Data processing and statistical analyses
We first collated all available data for each subject. As noted above, measures that differed in the observation or calculation method between study cohorts (namely non-social behavior score and rank) were Z-scored within cohort prior to analysis, whereas measures that employed the same ascertainment method across study cohorts (namely mSRS-R score and variables such as age) were not Z-scored. A small number of subjects had been studied twice (i.e., they had been members of two different study cohorts). For these animals, we uniformly discarded their earliest data and retained their most recent data for analysis here.

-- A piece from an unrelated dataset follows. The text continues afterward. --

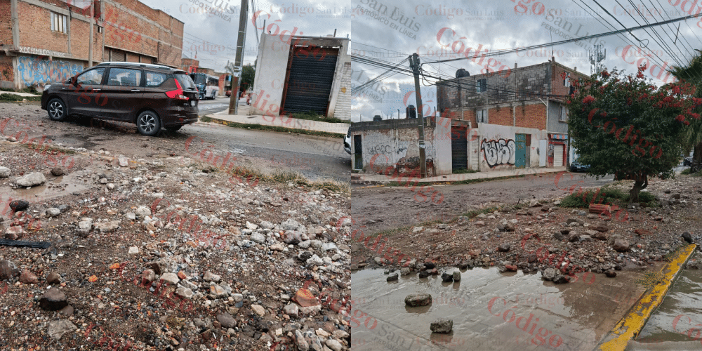 San Luis Potosí.– Tras las intensas lluvias registradas el pasado fin de semana, la avenida Juárez, en la colonia Satélite, presenta un severo colapso debido a la acumulación de tierra y rocas de gran tamaño arrastradas por la corriente pluvial.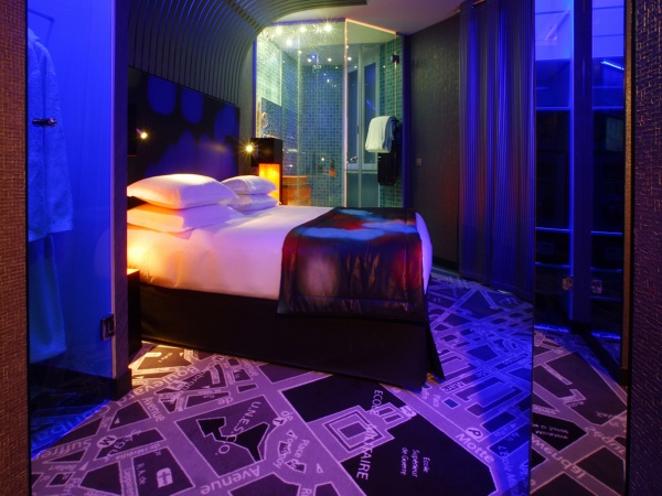Encore plus innovantes que les espaces communs, les chambres surprennent, dès la porte franchie. Surfaces vitrées pour la salle de bain et les placards, moquette avec motif plan de Paris, mobilier contemporain... Plus étonnant encore, les éclairages renforcent l'originalité : 3 ambiances colorées (fuchsia, vert, mauve), des points lumineux étoilés au plafond de la douche, de nombreux éclairages astucieusement placés.

We then used CNPRC’s multigenerational pedigree records to identify the father and mother for each subject. These data included a small number of full-sibling pairs. For our initial analyses, we uniformly discarded the youngest animal of the full-sibling pair to enable retention of one animal (the eldest) for the half-sibling analyses. Using the same pedigree data, we measured the inbreeding coefficient (F) for 40 random offspring as well as both of their parents. We also estimated the coefficient of relatedness (r) between each of these animals with every other animal included in this subset. While F is defined in terms of the probability of identity in state of different pairs of alleles, r measures the probability that alleles drawn at random from the same locus in each of two subjects will be identical by descent [40, 41]. Differences between sires and dams in these measures were tested by Mann–Whitney.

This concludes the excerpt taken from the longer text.